LISTED ENTRIES:
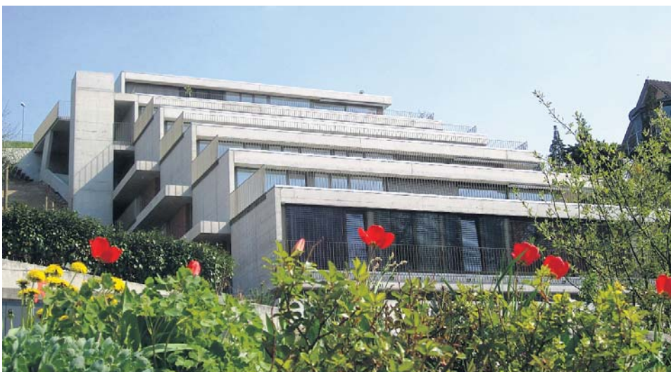
Terrassenhausüberbauung «Plattenrain», Biberstein – 2009
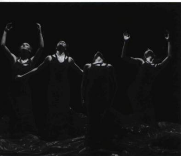
Le Funambule , une chorégraphie de Ginette Laurin présentée par les Grands Ballets Canadiens.

Bien que très jolie, cette pièce un peu répétitive n'a pas tout à fait atteint le degré d'émotion que les drapés dramatiques, rouges, jetés au sol, laissent planer. On sent
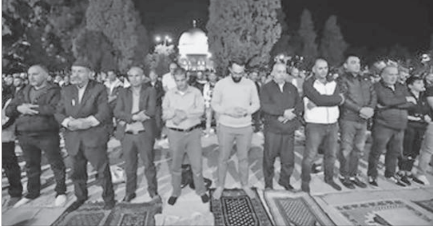
• صلاة التراويح من أمام المسجد الأقصى

ويعد الاحتلال في أغلب قرى وبلدات الضفة الغربية الواقعة في منطقة «ج» على وضع بوابات إسمنتية يديرها ويتحكم بها جنود الاحتلال، حيث تعمل هذه البوابات على تحويل
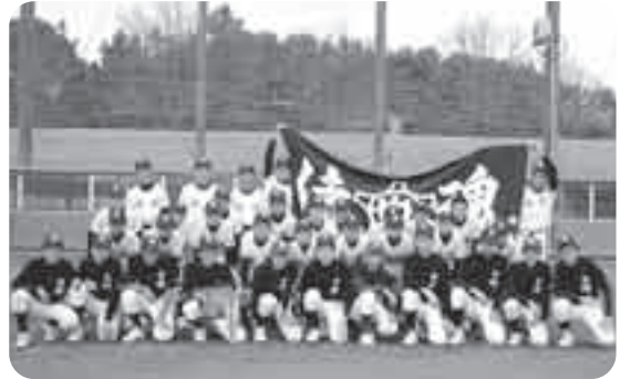
白峰中学校 野球部

僕たち白峰中学校野球部が目標にしているのは、大会優勝だけではなく、あいさつや礼儀といった、人としてのマナーを身につけることです。

THE TASK: The answer must be an exact copy of the lines from the one with "ويعد الاحتلال في" through the final line above, both ends included, and nothing else; pictures stay out.

RESULT:
ويعد الاحتلال في أغلب قرى وبلدات الضفة الغربية الواقعة في منطقة «ج» على وضع بوابات إسمنتية يديرها ويتحكم بها جنود الاحتلال، حيث تعمل هذه البوابات على تحويل
白峰中学校 野球部

僕たち白峰中学校野球部が目標にしているのは、大会優勝だけではなく、あいさつや礼儀といった、人としてのマナーを身につけることです。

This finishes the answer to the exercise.